Chapter / Trick #2 – Ghosting
Ghosting means to disappear from a relationship without warning and cut off all communication. This happens in personal and business relationships, such as after you lend a friend money and they stop calling you back or after you apply for a job, and you never hear back from the interviewer. If you are the employer, one of your workers might suddenly stop showing up for days on end without calling in sick or telling you they are quitting. It might be a website that you order from online that disappears after you pay for the item on your credit card.
Lenders and mortgage servicers will rarely ghost you altogether, although they will disappear when it suits them. This will play out differently with first and second mortgages and with mortgage servicers.
Ghosting trick # 1 – The disappearing Second Deed of Trust.
If you got a loan between 2004 and 2007, you might have gotten talked into a first and a second deed of trust, what was called a piggyback loan. The first deed of trust or mortgage would be for 80% of the purchase price/ value, and a second deed of trust or mortgage for 10% of the purchase price.
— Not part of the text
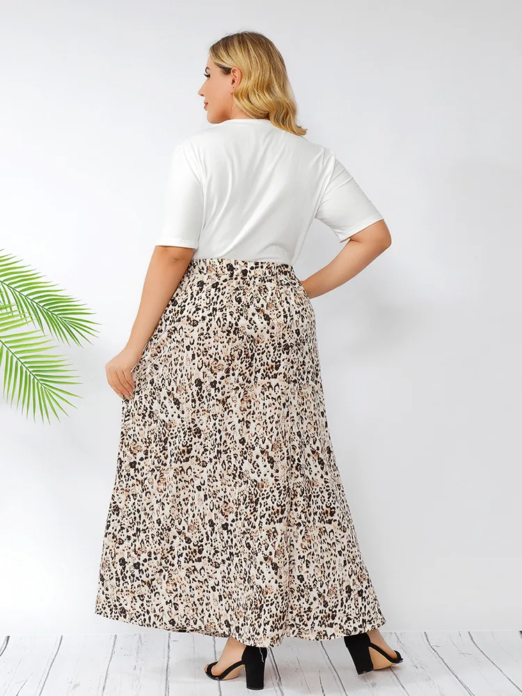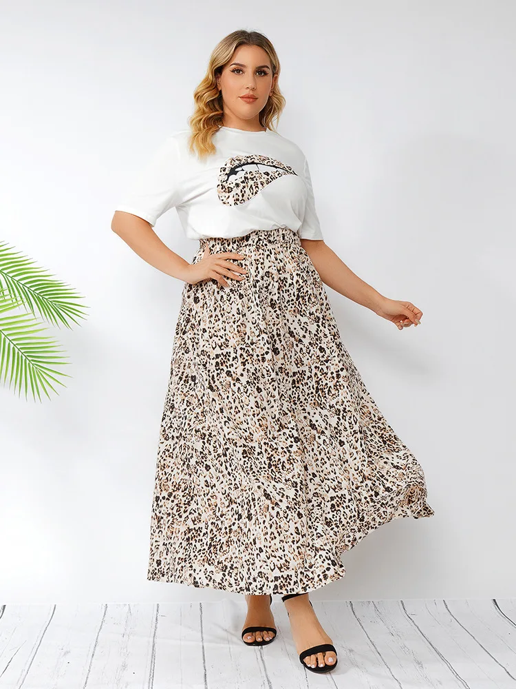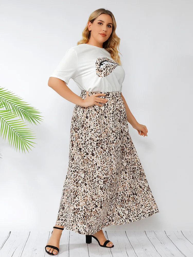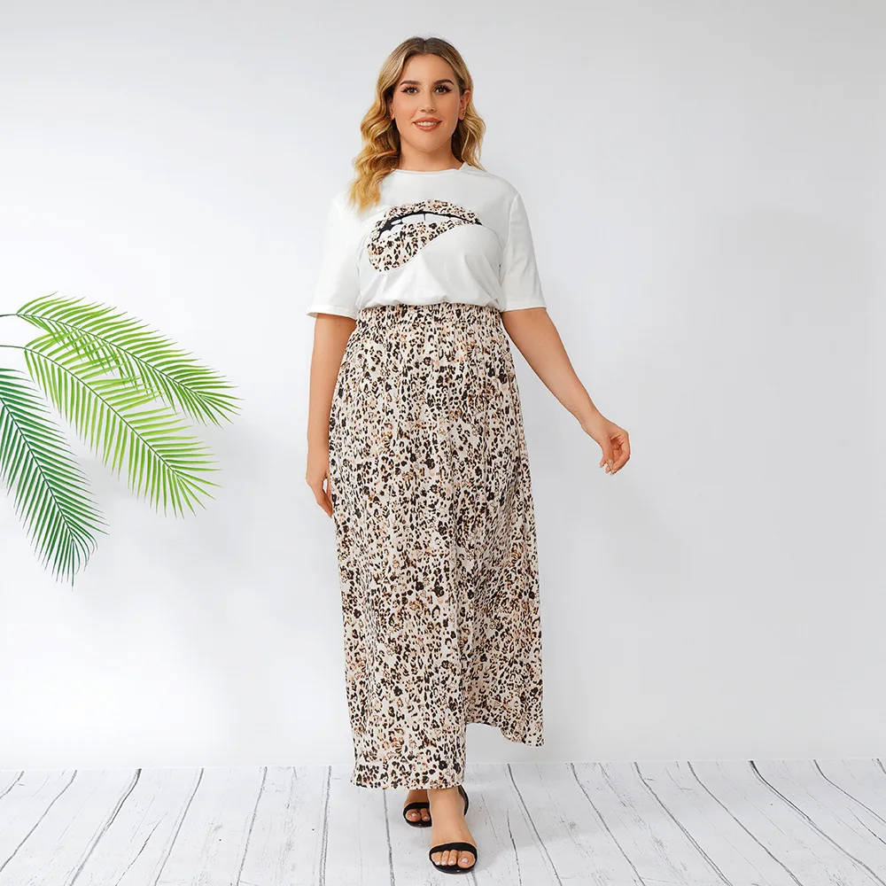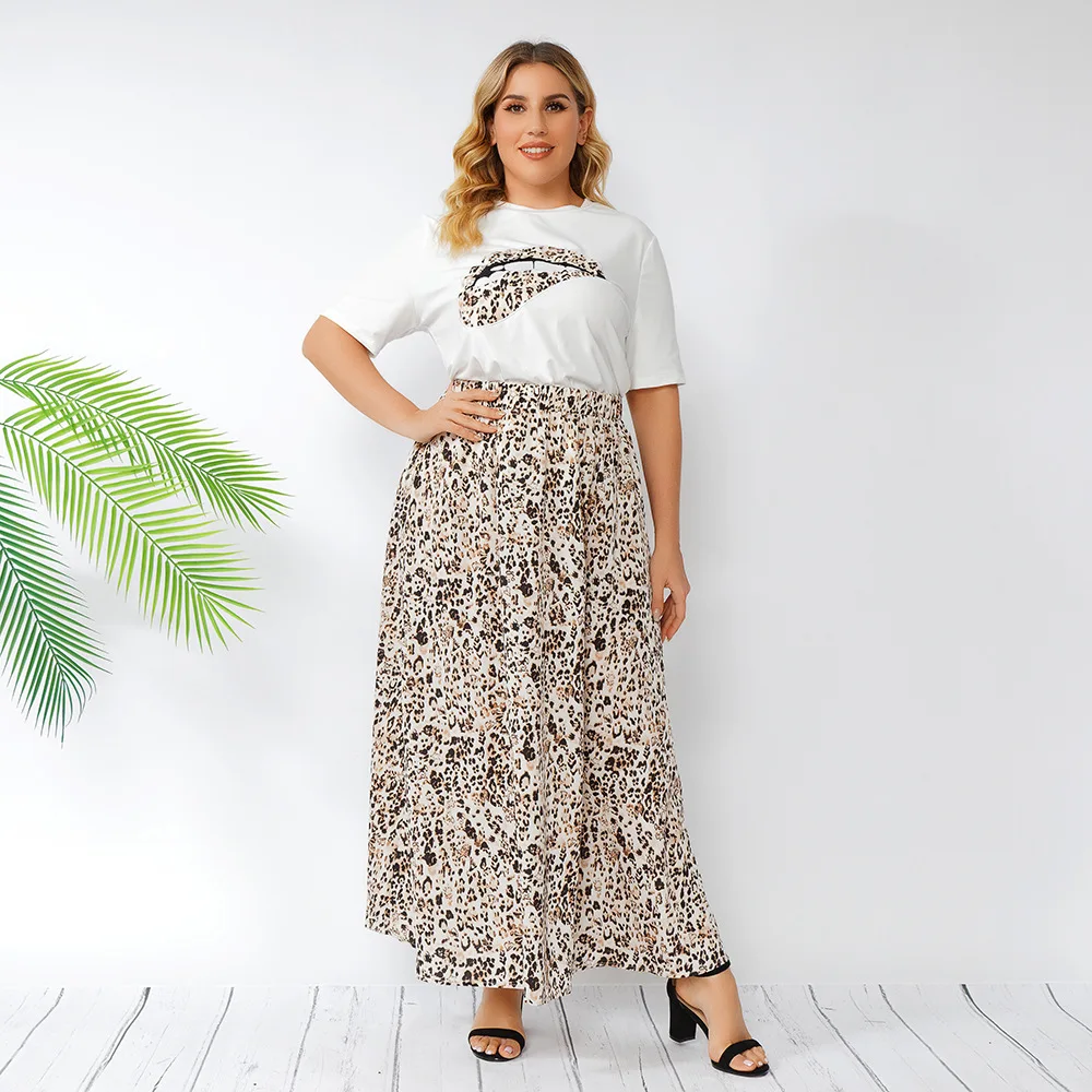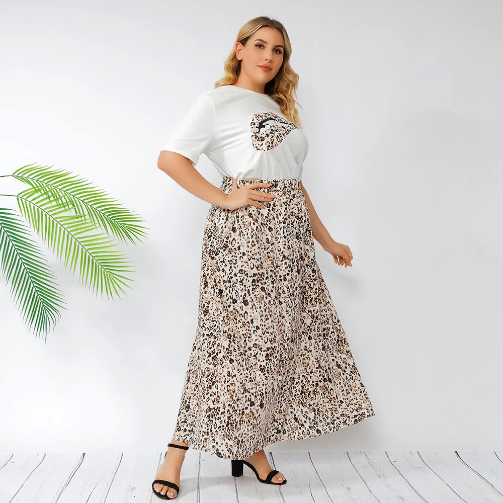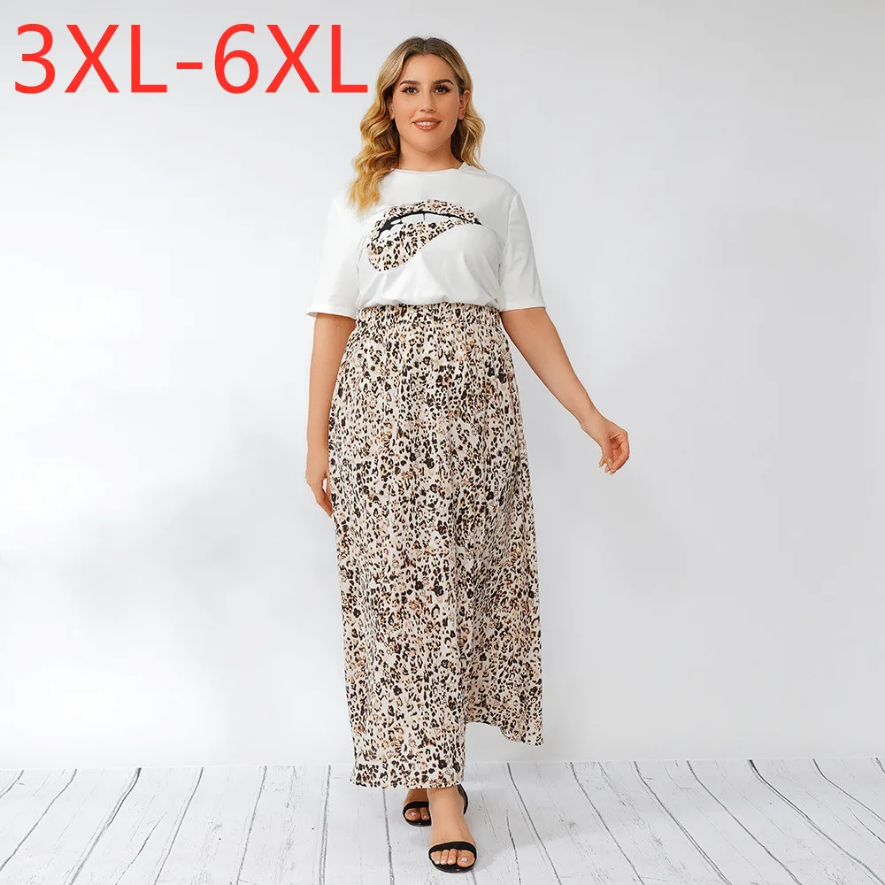Новинка 2021, женская летняя размера плюс, Женская свободная футболка с коротким рукавом и длинная юбка с цветочным принтом, костюм из двух предметов, 3XL, 4XL, 5XL, 6XL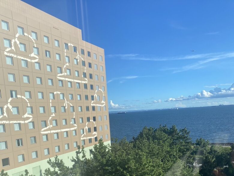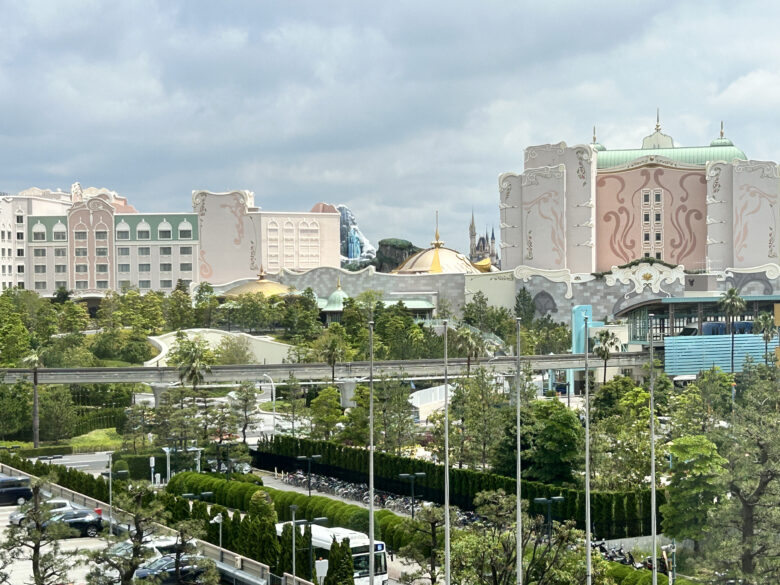 窓から見てもわかるぐらい、ディズニーリゾートラインのベイサイドステーションがすぐそこですね。

Both of these would be originated by the same lender, the first being securitized into an RMBS and being secured by the value of the property, and the second being retained by the originator to be kept or sold on the secondary market.
After the stock market crashed in 2007, along with depreciation in housing values, many people stopped paying on these second deeds of trust, and they became non-performing loans. In some cases, the value of the house was at or below the first deed of trust, leaving the second completely unsecured with nothing to be gained by foreclosure. When second deeds of trust became unsecured, the servicers were happy to stop servicing them. Once these loans became non-performing and the servicer stopped servicing them, you had no company to make your mortgage payments to, even if you wanted to.
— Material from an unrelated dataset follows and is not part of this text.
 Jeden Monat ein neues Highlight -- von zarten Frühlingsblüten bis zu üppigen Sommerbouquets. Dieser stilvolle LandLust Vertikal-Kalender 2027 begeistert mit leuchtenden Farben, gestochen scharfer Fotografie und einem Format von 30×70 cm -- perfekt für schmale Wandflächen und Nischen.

Once people stopped paying, the servicers stopped servicing, but they never stopped transacting these non-performing seconds on the secondary market. These unsecured seconds were bought and sold for pennies on the dollar by investors intending to hold them and wait for their value to come back. Sometimes, they would be sold and resold for ever-increasing amounts as the value in the underlying asset continued to come back, that being the properties against which they were recorded. These second deeds of trust/ mortgages would come to be known as "zombie mortgages" or "sleepy seconds" because they would lay dormant for many years until the value returned to your property when they sprang back to life. That would be when the current investor would suddenly appear, wanting you to pay the full amount plus interest, an amount that would now wipe out all the equity you had accumulated.
Ghosting trick # 2 – The disappearing first deed of trust
Federal law requires that servicers continue to service mortgages, and this applies even when they go into default.[1] It requires that servicers notify you in writing when there is a change in servicer.[2] It requires they do this no later than 15 days after the change in servicing rights so that you have advance notice of who you will be paying.[3]
Despite these federal protections, servicers use this time of changing servicers as an opportunity to stop sending you mortgage bills and to stop accepting payments. They use it as an opportunity to lose mortgage payments, or they may suddenly add an escrow payment to your account so that your amount goes up, and they can declare your regular payment is insufficient and use that to throw you into default. The servicer is more likely to use a change in servicing to disappear if you have paperless billing or if you pay over the phone or by cashier's checks. If you have automatic payments coming out of your bank account, you may not notice for a while that your payments are no longer being withdrawn.
There are servicers whose sole business model is to purchase the servicing rights for highly leveraged or "non-performing loans" with the intention of foreclosing.[4] These servicers buy your servicing rights when you are a few months into default, or even when you are consistently late, and use the transfer of servicing rights to prolong your default by up to six months before they even contact you. By that time, you are so far into default that your options are severely limited. These types of servicers are strictly in the business of foreclosure and do not offer modifications, so don't get sucked into applying.
Ghosting trick # 3 – The disappearing Single Point of Contact.
Ghosting also happens during a modification when California statute requires the servicer to provide you with a single point of contact.[5] This point of contact will make all kinds of promises seem so nice, and then all of a sudden be gone, the number changed, moved to a different department. If you're in the middle of a modification, you'll be forced to start all over again, maybe with a new point of contact or a new service, so you must re-request a single point of contact.
The new single point of contact will contact you by letter and will not be available when you call them. You might get a voice message on your phone, but that person won't be there when you call back. This will delay your default by months, which is the intention. This is how the servicer gets around that Single point of contact statute.
[1] 12 U.S.C. §1265
[2] 12 U.S.C. §1265(b)
[3] 12 U.S.C. §1265(c)
[4] Housing Wire February 16, 2018, Freddie Mac Announces first non-performing loan sale of 2018. Available at: https://www.housingwire.com/articles/42548-freddie-mac-announces-first-non-performing-loan-sale-of-2018/
[5] California Civil Code §2923.7(a) When a borrower requests a foreclosure prevention alternative, the mortgage servicer shall promptly establish a single point of contact and provide to the borrower one or more direct means of communication with the single point of contact.